We found the real nutrient data to be normally distributed, with total nitrogen (TN) having a range between 0.33 and 4.93 mg/L and a constant coefficient of variation (CV, with a mean CV of 0.35) across this range (the same is true for total phosphorus (TP) at a shorter range). Hence, for each *n*_{lake}, the *x* for the *n*_{year} = 20 were generated based on the mean range (mean per lake of the real-life data) and CV (0.35) from the real-life TN concentration data, hence with a range of 0.33 to 4.33 mg/L. Therefore the values and random variability of *x* in the simulations are close to the true values of the TN concentrations. The *x* is then fed into the linear equations above.

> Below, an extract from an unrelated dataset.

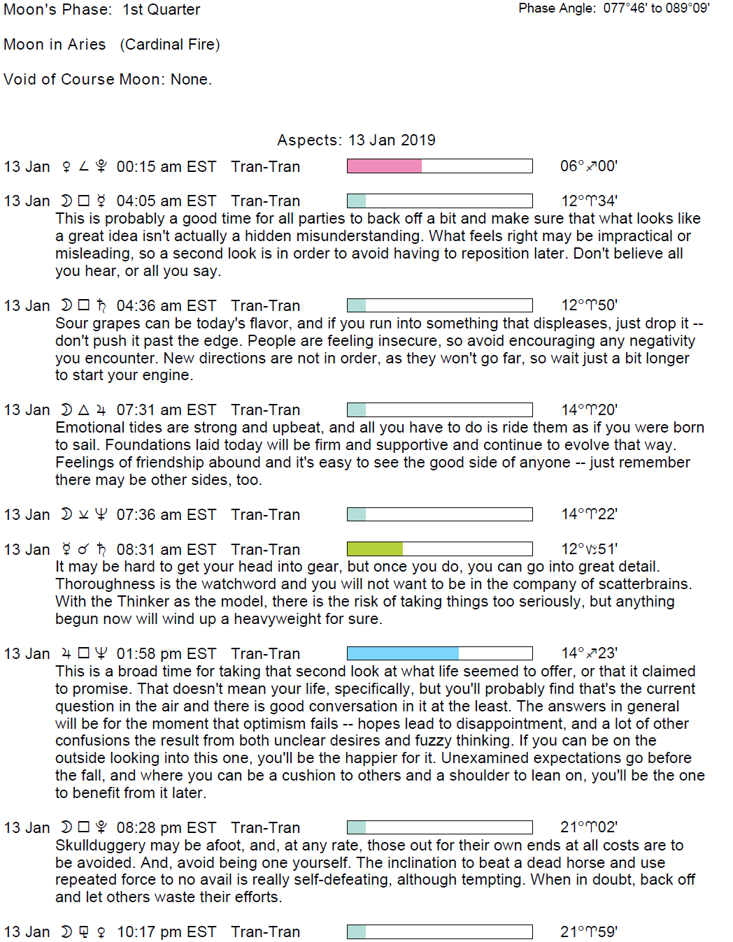 Planet Color Key: The longer the bar, the slower the aspecting planet and the longer the duration of the planet’s transit.

To the resulting *y*_{i} and *y*_{j} we added random noise based on the Gamma distribution (using the rgamma function in R). We used a Gamma distribution because the Chlorophyll-a concentration also follows a Gamma distribution. The variability of a Gamma distribution is expressed by the shape variable. The variability of chlorophyll-a, its shape value, equals 2.63. This shape value was used in the Gamma distribution of *y*_{i} and *y*_{j}. The final calculated *y*_{i} and *y*_{j} had therefore a random rate calculated as shape/*y*_{i} or shape/*y*_{j}. Hence, their variability in the y dimension was close to the true chlorophyll-a variability.

The data from both lake populations were then pooled and randomly sampled using the same hierarchical bootstrap procedure with 500 iterations for the scenarios in the supplementary materials and with 1000 iterations for main text simulation scenarios, which is identical to what was done for the real-world data.

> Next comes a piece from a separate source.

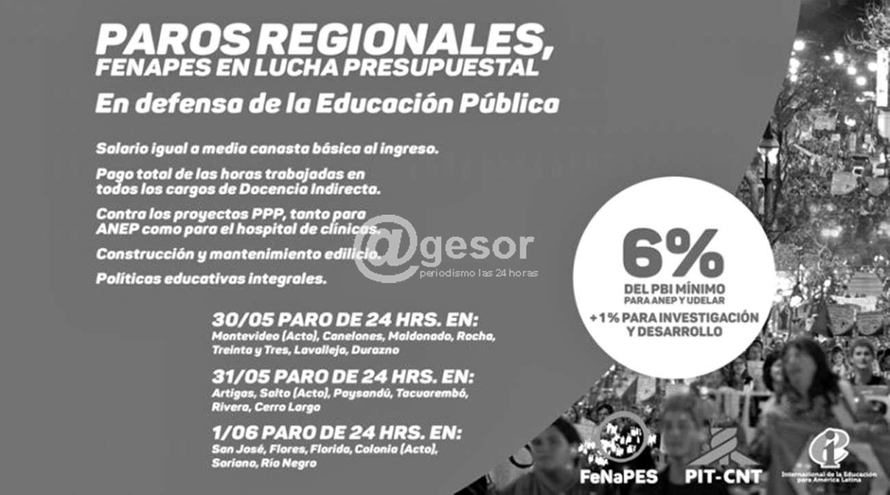 30/05- Paro de 24 hrs. en:Montevideo (acto), Canelones, Maldonado, Rocha, Treinta y Tres, Lavalleja y Durazno.

#### Simulation scenarios based on characteristics of real-world data

The real-world 5-year mean data consisted of 99 lakes with 5–20 years of data for each lake. For the simulation scenario in the main text, we therefore randomly sampled between 5 and 20 data points for each of the 99 simulated lakes based on the *x* distribution described above. Intercepts and slopes of the simulation, resembled the range of the true data (see scatter plots in Fig. 2 of the main manuscript).

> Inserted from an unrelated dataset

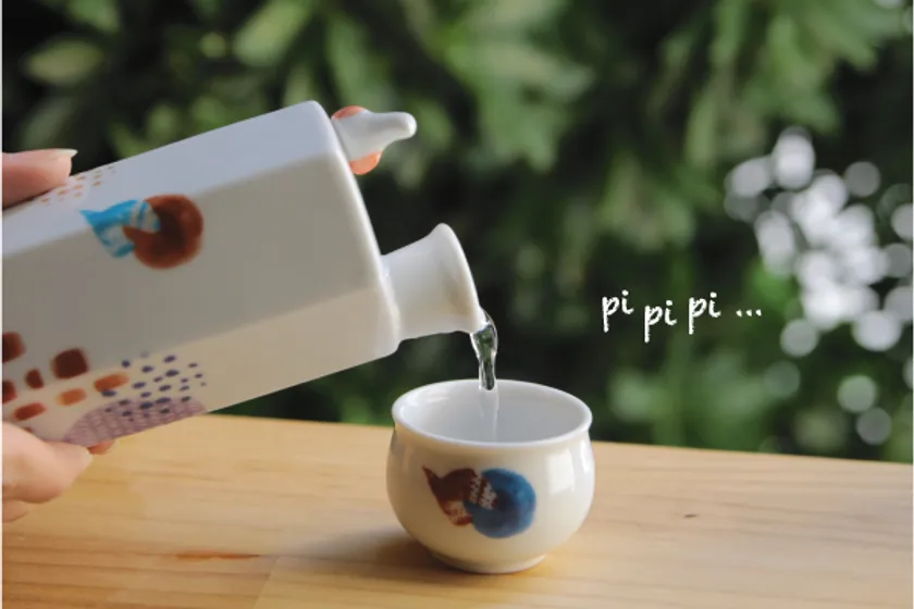 そっとお酒を注ぐと、ピーッ、ピヨッ、と心地の良い音を響かせる鳴き徳利です。徳利の内部は特殊な構造で、空気の出入りにより、鳥のさえずりのような音が鳴る仕組みになっています。

In the alternative stable state scenario, we chose two slopes and intercepts for different populations of lakes:

Population i:

*ai*= 0,*bi*= 40Population j:

*aj*= 50,*bj*= 120

We based the slopes and intercepts of the ASS scenarios on the diagnostic combination defined by Scheffer and Carpenter^{7} which propose an abrupt shift in (a) the time series, (b) the multimodal distribution of states and (c) the dual relationship to a controlling factor. Here, the idea is that an ecosystem will jump from one state to the next at the same (nutrient) conditions (different intercept and/or slope, condition a within ref. ^{7}), where any change in the nutrient will have different effects on algae or macrophytes (best represented by different slope, condition c), resulting in a multimodal distribution of the response (condition b). Hence, simulations are in line with what is predicted for ASS, but we took great lengths to also show other possibilities with the simulations in the Supplementary information to ensure we did not overlook any occasional occurrence of alternative equilibria.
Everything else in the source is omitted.